# Cloudy Headlight Lens



## SWAMPFOX (Mar 30, 2008)

The headlight lens on my '96 Ford Explorer are "cloudy." I've priced new ones and used ones and the cost is pretty steep. Is there anything made that I can buy to polish/resurface them? And will it be a permanent fix? They are so cloudy that it really hampers my night driving. Thanks


----------



## bluemarlin (Mar 30, 2008)

If you go to a auto parts store you'll find something made for cloudy headlights. It's basically a Brasso type abrasive cleaner.


----------



## Tree Blazin (Mar 30, 2008)

This was a notorious problem for ford from the mid 80s to late 90s, It happened to every one I've owned


----------



## 60Grit (Mar 30, 2008)

Toothpaste.


----------



## frankwright (Mar 30, 2008)

Do a Google search for "headlight polishing" and you will find all kinds of tips, instructions and products. 
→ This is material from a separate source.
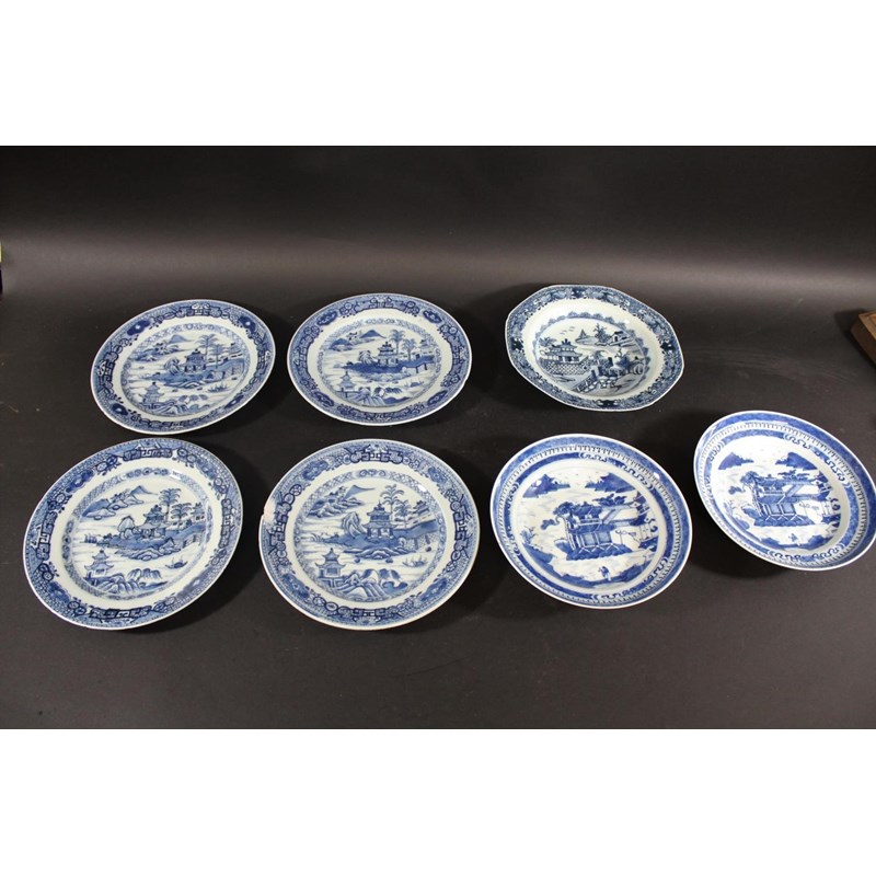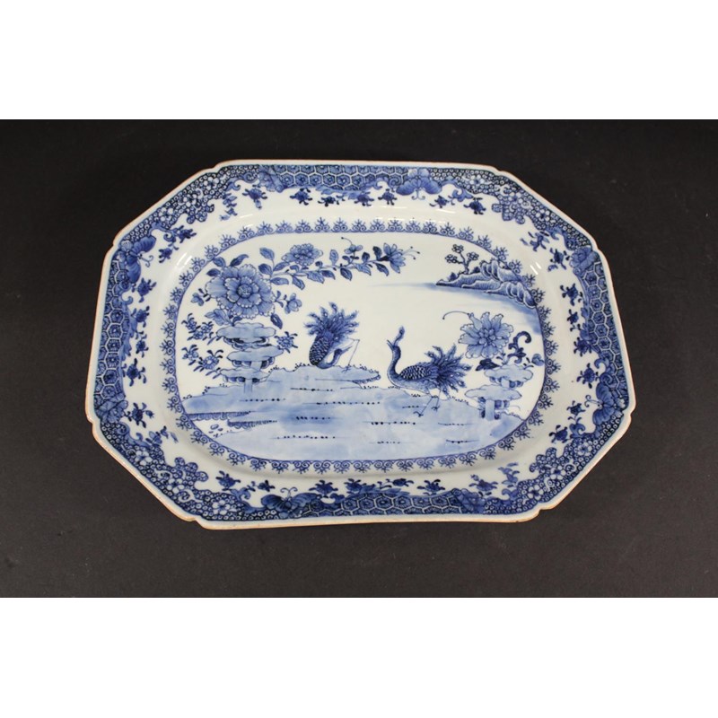 an 18thc platter, the centre painted with peacocks and a variety of flowers and foliage (35cms by 25cms), also with four similar blue & white plates, a pair of blue and white dishes with a pagoda at the centre, and one other dish. (8)

You can make them look like new again!


----------



## Davis31052 (Mar 30, 2008)

*cloudy headlamps*

Try Certifit in Forest Park.  They're online catalog shows list price on those headlamp assy's to be right at $40.00 each. If thats still too much money, you can buff them out using a low speed automotive type buffer. On my 1997 F-150, I have polished them twice since 2004.  It works, but, they will get cloudy again, in a year or so. Here's the contact info for Certifit. Go to the website and look at the online catalog for more info.

220 Southfield Parkway
Forest Park, GA 30297-2520  


(800) 528-7750
(404) 363-8970


----------



## GoldDot40 (Mar 30, 2008)

"000" steel wool will do wonders. Follow up with some automotive car polish. Or you can try and find some 'Clear Plastic Cleaner' from Meguiars. I've used both with excellent results.


----------



## WOOD 270 (Mar 30, 2008)

*lens*

My buddy uses a fine sandpaper and watersands them


----------



## SWAMPFOX (Mar 30, 2008)

So the problem in on the exterior of the lens and not the interior?


----------



## dawg2 (Mar 30, 2008)

SWAMPFOX said:


> So the problem in on the exterior of the lens and not the interior?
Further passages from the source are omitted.